Whether you owe federal income tax on your Social Security benefits depends not on your age, but on your total income. To figure this out, the IRS calculates your “combined income” (sometimes called “provisional income”), which includes your adjusted gross income, any nontaxable interest, and half of your Social Security benefits.

If you’re single (or filing as head of household, or qualifying widow(er)), and your combined income is below $25,000, none of your benefits are taxable. If your combined income falls between $25,000 and $34,000, up to 50% of your benefits may be taxable — though the actual taxable amount is calculated on a sliding scale. If your combined income exceeds $34,000, as much as 85% of your benefits can become taxable.

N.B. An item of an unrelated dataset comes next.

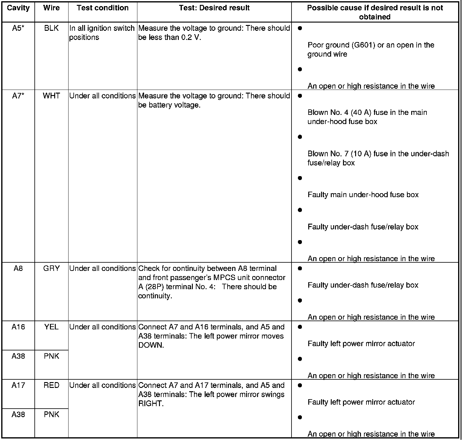 5. Reconnect the connector to the under-dash fuse/relay box, and do the following input tests: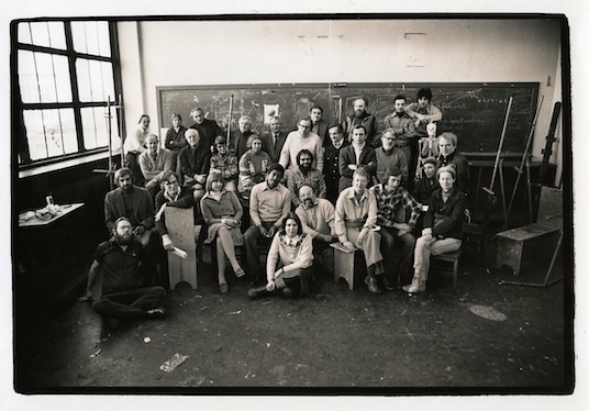Lois Dodd (bottom right) with Brooklyn College art faculty. (December 12, 1976. Photo: Paul Sheridan.)

For married couples filing jointly, the thresholds are higher: if your combined income is less than $32,000, your benefits aren’t taxed. If it’s between $32,000 and $44,000, up to 50% of your benefits may be taxable. Once your combined income exceeds $44,000, up to 85% of benefits may be taxable.

Importantly, the “up to” qualifier means that hitting a higher income bracket doesn’t automatically make all of your benefits taxable — the taxable portion is determined via a formula (often via a worksheet in Internal Revenue Service — Publication 915). Also, for someone whose only income is Social Security (or who stays under the thresholds), their benefits can remain fully tax-free.

Finally, if you expect your benefits to be taxed, you don’t have to wait until you file — you can ask to have federal tax withheld from your monthly Social Security payments.